ECGs through the ages
Precursors to the ECG can be traced back to the late 1800s, when scientists identified that the human heart produces electrical currents. The first attempts to measure these signals, and thereby the heart’s activity, included the capillary electrometer, but these were not sensitive enough.
It was Dutch Nobelist Willem Einthoven who, in the early 1900s, designed a reliable way to measure the heart’s electric waves and coined the term ‘electrocardiogram’. He even identified features of these waves that are still employed today for diagnostic purposes: P wave, QRS complex, and T wave. The machine he devised to take these measurements weighed over 600 pounds and required 5 people to operate.

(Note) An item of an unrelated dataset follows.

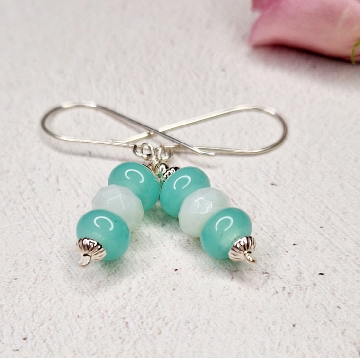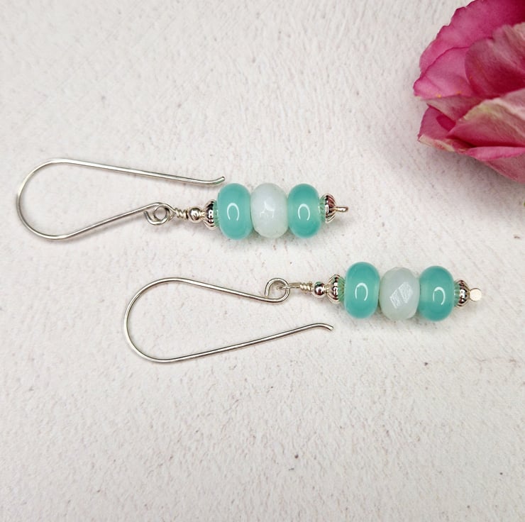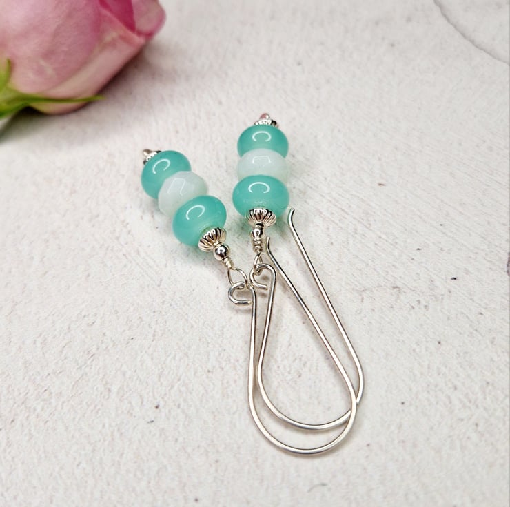 The lampwork glass beads are a consistent even pale teal colour, the amazonite is a paler teal colour. The beads are rondelle shaped and about 8 x 6 mm, together with corrugated saucer silver beads.

While Einthoven’s ECG concepts persisted, his ECG device did not and was, thankfully, improved. Over the 20th century, ECGs slimmed down and required less manpower, with modern ones weighing about 8 pounds and being operated by a single person. The accessories needed to operate an ECG unit – from cables to cables to leadwires – have improved to become more durable and reliable.
Most modern ECGs include electrodes that detect the heart’s electrical signals, leads that connect electrodes to the ECG equipment and the main ECG machine that displays and prints the electrical activity. In clinical settings, the 12-lead ECG machine is the standard. It uses 10 physical electrodes that are attached to the patient – six on the chest and four on the limbs – to measure their heart activity from 12 different angles. This will produce 12 individual graphs on a piece of ECG paper.

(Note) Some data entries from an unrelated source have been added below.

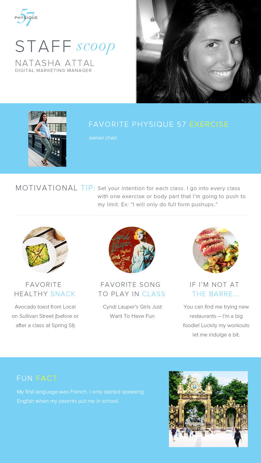 Check back next month to learn more about the Physique 57 Staff and feel free to comment with who you would like to see on the next Staff Scoop! And if you ever want to connect with Natasha Attal, feel free to chat with her on Twitter or Instagram. She’s always thrilled to meet (online and in-person) Physique 57 clients!
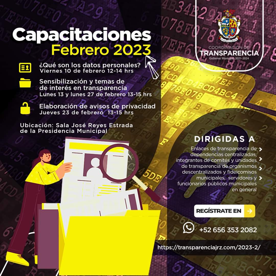 Además, las capacitaciones continuarán el 27 de febrero de 1:00 a 3:00 de la tarde en la sala José Reyes Estrada del primer piso de la Presidencia Municipal.
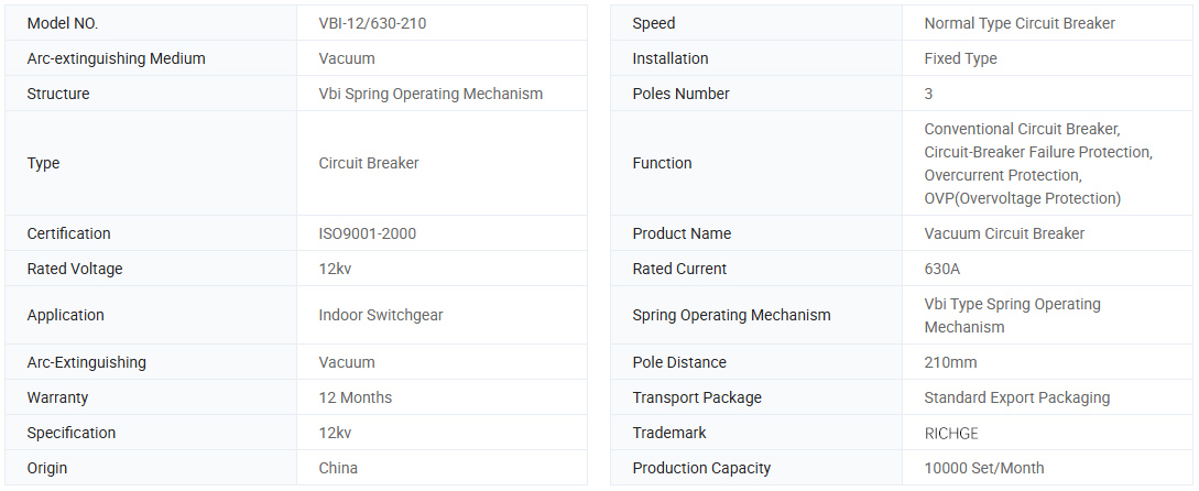 Bộ ngắt mạch chân không điện áp cao VBI-12 là AC 50Hz ba pha, điện áp định mức của thiết bị trong nhà 12kV, cho các doanh nghiệp công nghiệp và khai thác, nhà máy điện và trạm biến áp như kiểm soát và bảo vệ thiết bị điện, và cho hoạt động thường xuyên của địa điểm. Sản phẩm tuân thủ tiêu chuẩn GB1984 & IEC62271-100.

While there are ECGs that utilise different numbers of electrodes, such as 3-electrode systems or 5-electrode systems, the 12-lead ECG provides a more comprehensive picture of the heart’s electrical activity. By analysing its output, clinicians can perform detailed diagnosis and localisation of cardiac issues. Single-lead ECGs that are common in personal monitors such as smartwatches might be more adequate for screening, while a more definite picture can be obtained from 12-lead ECGs under the supervision of clinicians.

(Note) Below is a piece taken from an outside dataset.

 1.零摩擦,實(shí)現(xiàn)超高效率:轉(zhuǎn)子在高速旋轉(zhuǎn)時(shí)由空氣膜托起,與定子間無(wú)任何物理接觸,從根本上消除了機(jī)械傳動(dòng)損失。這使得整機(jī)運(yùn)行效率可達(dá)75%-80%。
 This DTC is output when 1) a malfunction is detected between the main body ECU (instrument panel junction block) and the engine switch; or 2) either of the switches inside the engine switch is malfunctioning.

Holter monitors: the precursor to wearable ECG monitors
In the digital health age, the ability to monitor and analyse ECGs has become possible outside of clinical settings. Now, patients can take an ECG reading from devices that fit their wrists at home. But before these minaturised versions were even a possibility, the Holter monitor provided a glimpse at today’s portable and wearable ECGs.
This portable device, featuring at least two electrodes, enables the continuous monitoring of heart activity, usually fore 1 to 2 days. It was the product of the work of Norman Holter and Bruce Del Mar in the mid-1900s, with clinical use starting in the early 1960s. It is still used in practice in cases where a traditional ECG reading doesn’t yield enough information. The Holter monitor may be able to detect irregular signals that were not caught by the ECG.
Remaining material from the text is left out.